Preparar os homens homossexuais para a profilaxia de pré-exposição

LONDRES – Em Outubro, dois grupos que se dedicavam à investigação da eficácia de um potencial medicamento inovador na luta contra o VIH fizeram algo pouco comum. Anunciaram que a terapia que estavam a testar, um medicamento anti-retroviral denominado Truvada, se revelara suficientemente eficaz para permitir a conclusão antecipada das fases aleatórias dos ensaios, e que o medicamento estava a ser fornecido a todos os participantes dos estudos.

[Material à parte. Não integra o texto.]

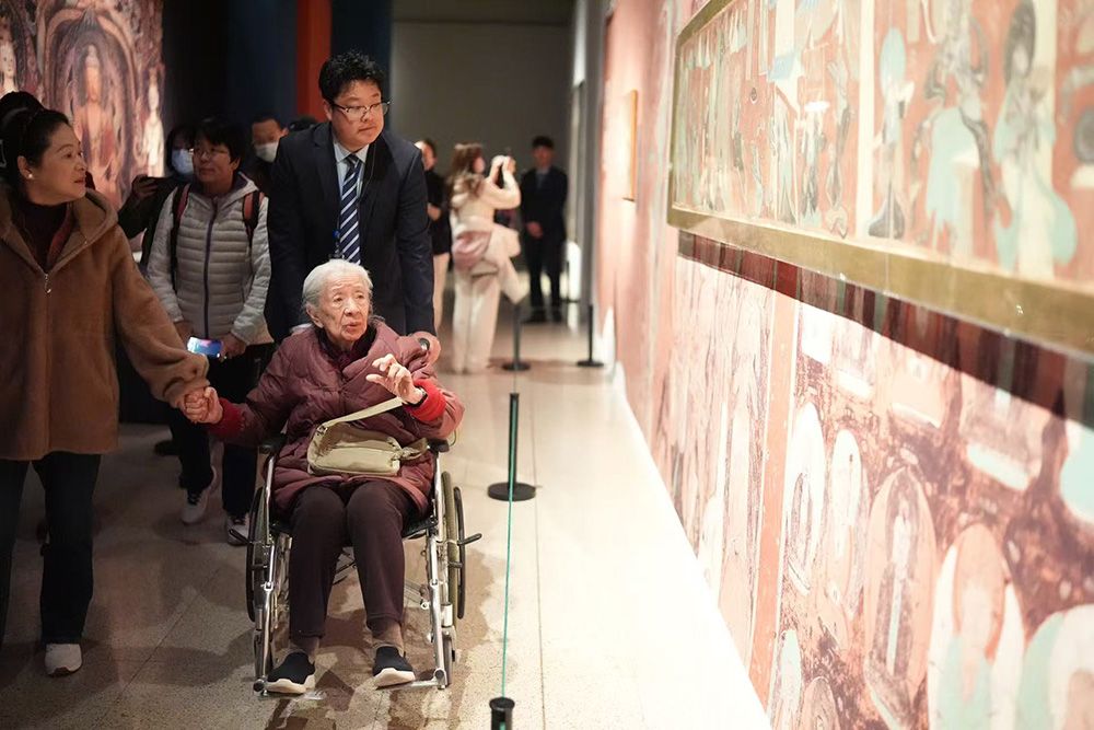 “墨韵文脉——甘肃丝路艺术珍品展”3月11日在中国美术馆开幕,图为艺术家常沙娜在现场参观。图/中新社

Os investigadores concluíram que os homens homossexuais que tomavam o Truvada e, além disso, usavam preservativo durante as relações sexuais, tinham uma probabilidade bastante mais reduzida de contrair o VIH. Trata-se de mais uma prova da eficácia da profilaxia de pré-exposição (PrEP), uma técnica mediante a qual as pessoas que não são seropositivas usam medicamentos anti-retrovirais para se protegerem da infecção pelo VIH. Em 2011, um ensaio financiado pela Gates Foundation concluiu que os casais heterossexuais que tomavam o Truvada reduziram em 73% o risco de transmissão do VIH.

Assim, as pessoas que lutam para impedir a propagação do VIH/SIDA dispõem de uma nova ferramenta. A questão agora é saber a melhor forma de fazê-la chegar aos que dela mais necessitam: os homens homossexuais dos países em desenvolvimento.